## Task goal
Copy the records below exactly, starting at the line that contains "本報(bào)記者 章紅雨 攝" and ending at the line that contains "F1.4 Большая диафрагма, может"; leave out any pictures.

Segment Start: Listed records

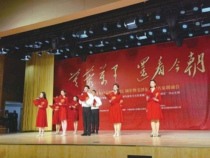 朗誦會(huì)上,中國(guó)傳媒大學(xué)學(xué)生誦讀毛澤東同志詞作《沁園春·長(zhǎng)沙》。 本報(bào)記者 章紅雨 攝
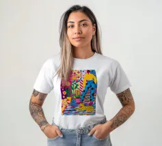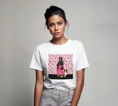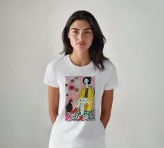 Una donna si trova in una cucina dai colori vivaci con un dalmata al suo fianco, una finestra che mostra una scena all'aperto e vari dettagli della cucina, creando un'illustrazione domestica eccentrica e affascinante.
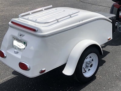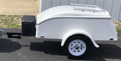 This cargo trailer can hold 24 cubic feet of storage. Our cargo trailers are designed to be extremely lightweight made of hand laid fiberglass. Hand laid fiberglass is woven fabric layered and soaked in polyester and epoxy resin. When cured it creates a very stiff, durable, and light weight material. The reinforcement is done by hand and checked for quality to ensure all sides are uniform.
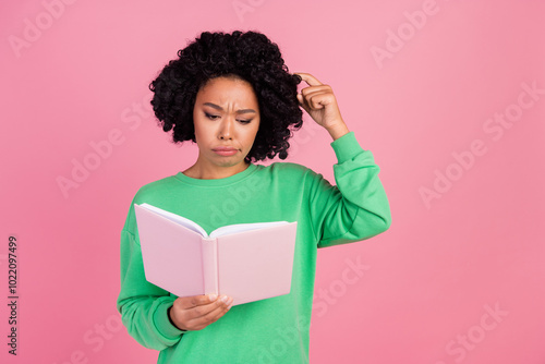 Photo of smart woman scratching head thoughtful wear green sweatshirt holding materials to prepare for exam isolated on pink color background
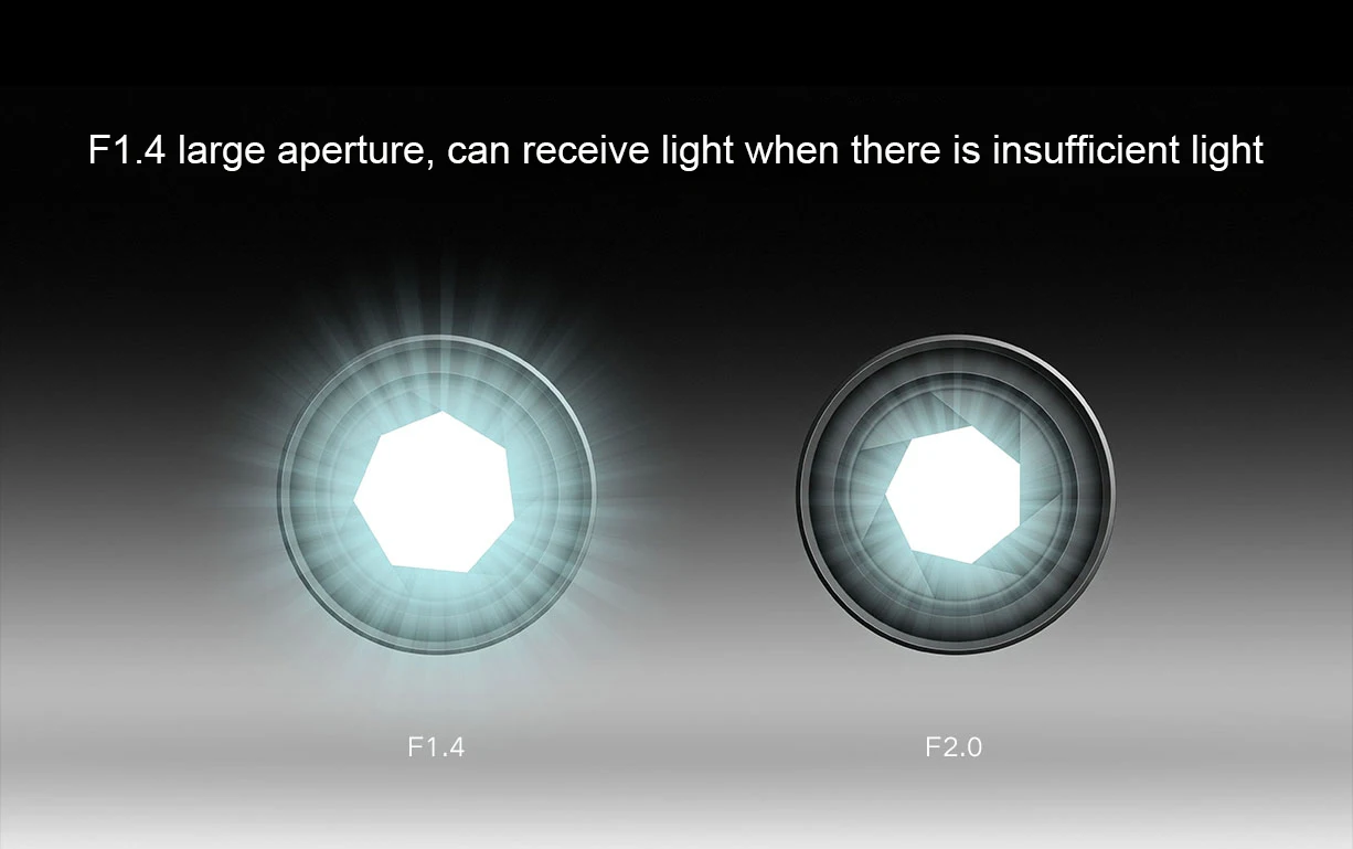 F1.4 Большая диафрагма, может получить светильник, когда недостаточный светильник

Segment End: Listed records
Segment Start: Listed records

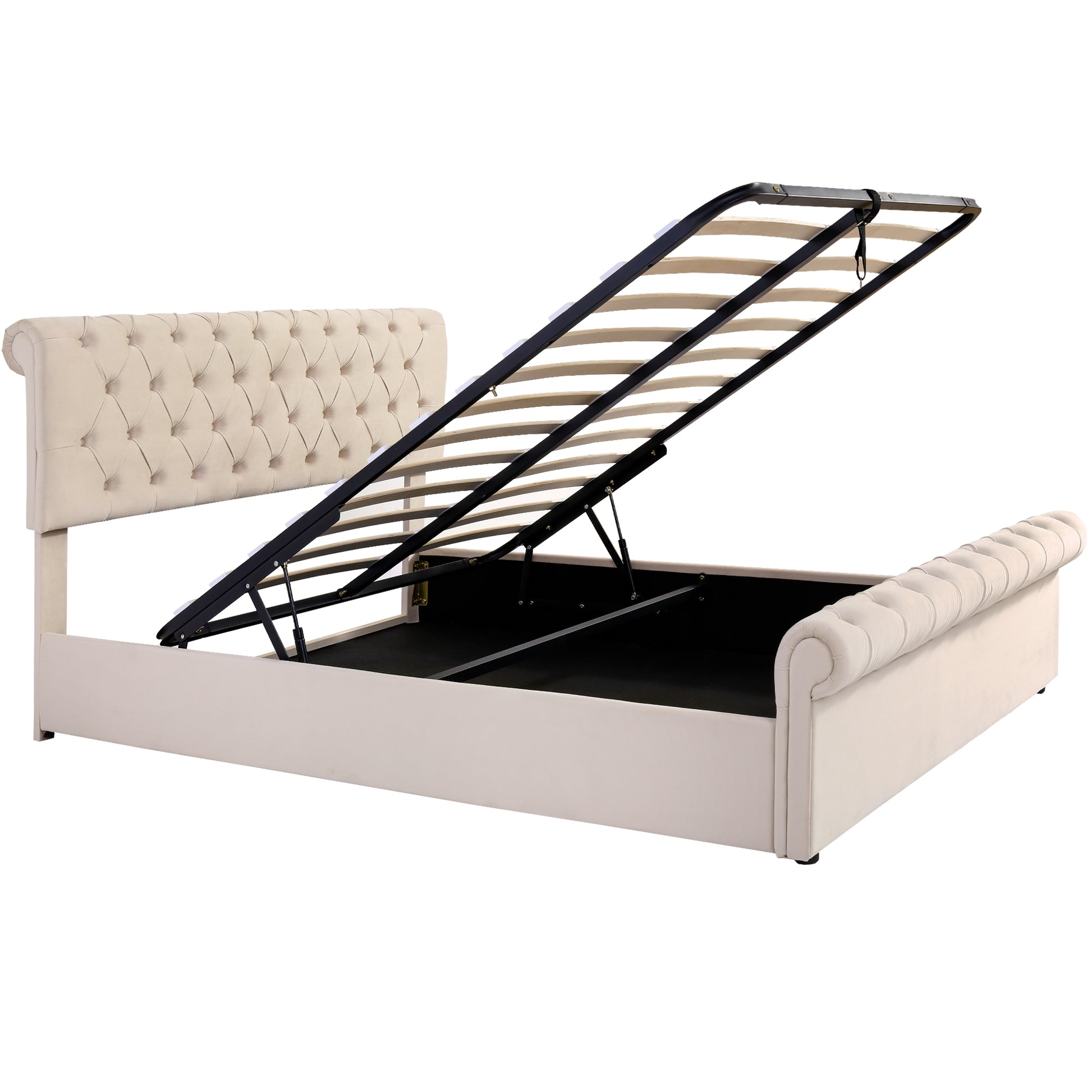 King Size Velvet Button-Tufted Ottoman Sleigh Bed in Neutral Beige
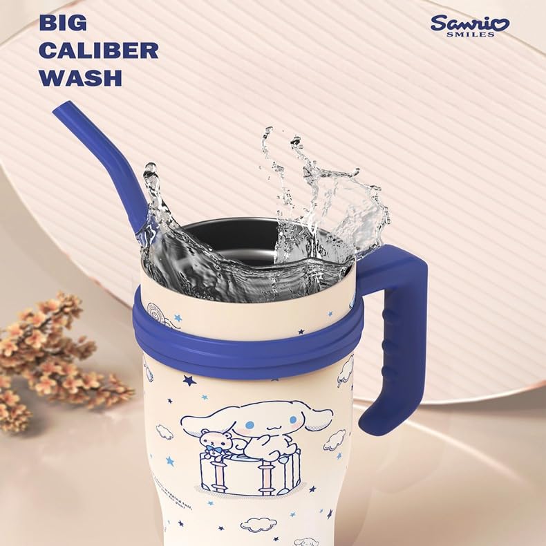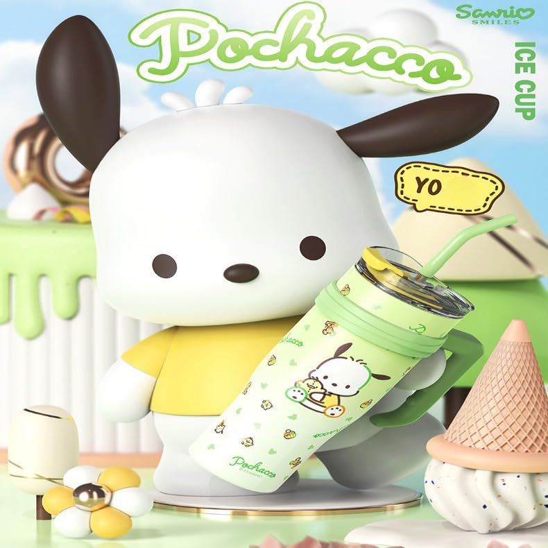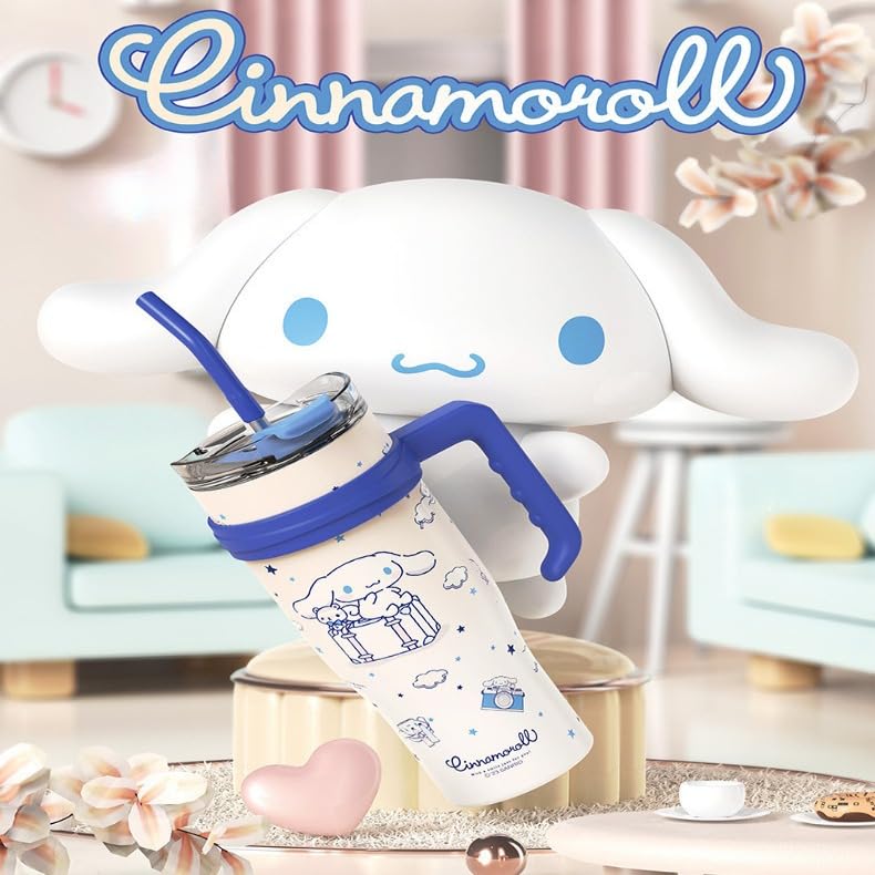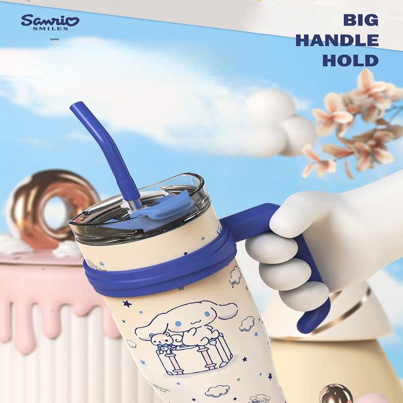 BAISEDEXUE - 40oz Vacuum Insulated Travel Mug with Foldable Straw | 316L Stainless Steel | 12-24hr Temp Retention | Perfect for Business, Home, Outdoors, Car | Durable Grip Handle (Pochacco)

Segment End: Listed records
Segment Start: Listed records

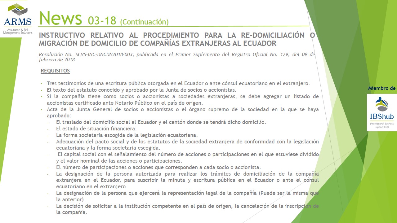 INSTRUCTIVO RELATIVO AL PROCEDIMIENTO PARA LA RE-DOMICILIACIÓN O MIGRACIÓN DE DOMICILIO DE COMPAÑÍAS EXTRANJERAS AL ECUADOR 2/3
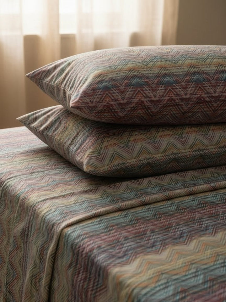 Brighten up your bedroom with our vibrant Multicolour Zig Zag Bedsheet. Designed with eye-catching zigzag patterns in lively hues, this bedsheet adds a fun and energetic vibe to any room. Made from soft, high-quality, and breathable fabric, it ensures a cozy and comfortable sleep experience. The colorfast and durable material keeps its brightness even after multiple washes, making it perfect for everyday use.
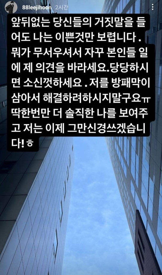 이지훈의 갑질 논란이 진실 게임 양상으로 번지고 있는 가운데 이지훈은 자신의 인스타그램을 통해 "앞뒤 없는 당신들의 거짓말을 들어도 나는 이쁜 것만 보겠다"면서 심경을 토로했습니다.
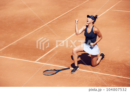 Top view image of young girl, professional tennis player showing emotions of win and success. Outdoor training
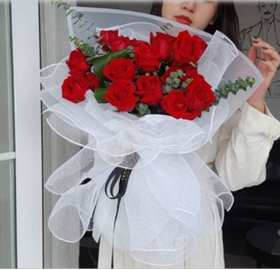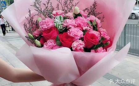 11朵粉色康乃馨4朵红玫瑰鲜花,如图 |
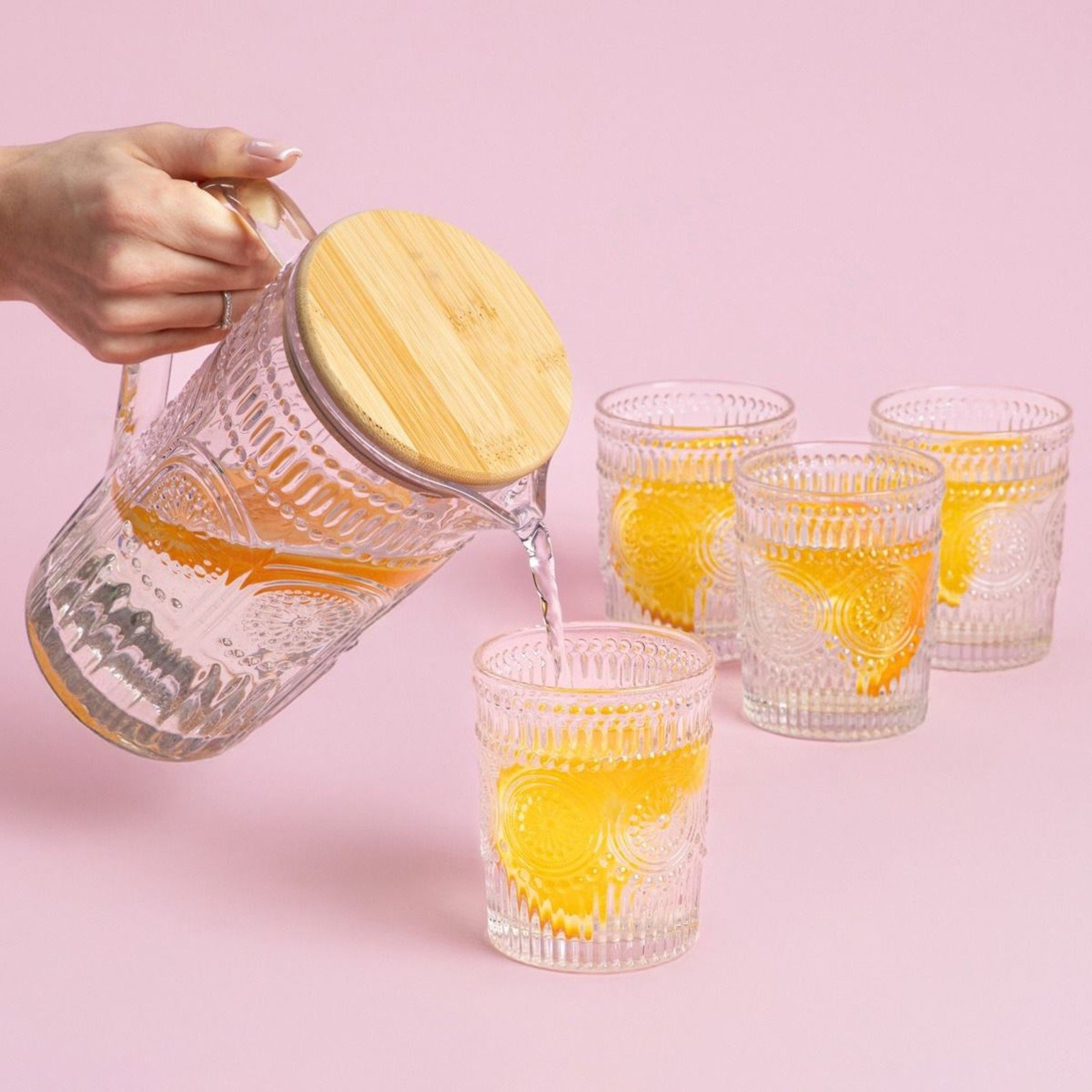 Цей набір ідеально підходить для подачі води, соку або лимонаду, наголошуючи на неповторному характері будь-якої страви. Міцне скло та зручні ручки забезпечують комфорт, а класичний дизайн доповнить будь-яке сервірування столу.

Segment End: Listed records

## Solution
 朗誦會(huì)上,中國(guó)傳媒大學(xué)學(xué)生誦讀毛澤東同志詞作《沁園春·長(zhǎng)沙》。 本報(bào)記者 章紅雨 攝
 Una donna si trova in una cucina dai colori vivaci con un dalmata al suo fianco, una finestra che mostra una scena all'aperto e vari dettagli della cucina, creando un'illustrazione domestica eccentrica e affascinante.
 This cargo trailer can hold 24 cubic feet of storage. Our cargo trailers are designed to be extremely lightweight made of hand laid fiberglass. Hand laid fiberglass is woven fabric layered and soaked in polyester and epoxy resin. When cured it creates a very stiff, durable, and light weight material. The reinforcement is done by hand and checked for quality to ensure all sides are uniform.
 Photo of smart woman scratching head thoughtful wear green sweatshirt holding materials to prepare for exam isolated on pink color background
 F1.4 Большая диафрагма, может получить светильник, когда недостаточный светильник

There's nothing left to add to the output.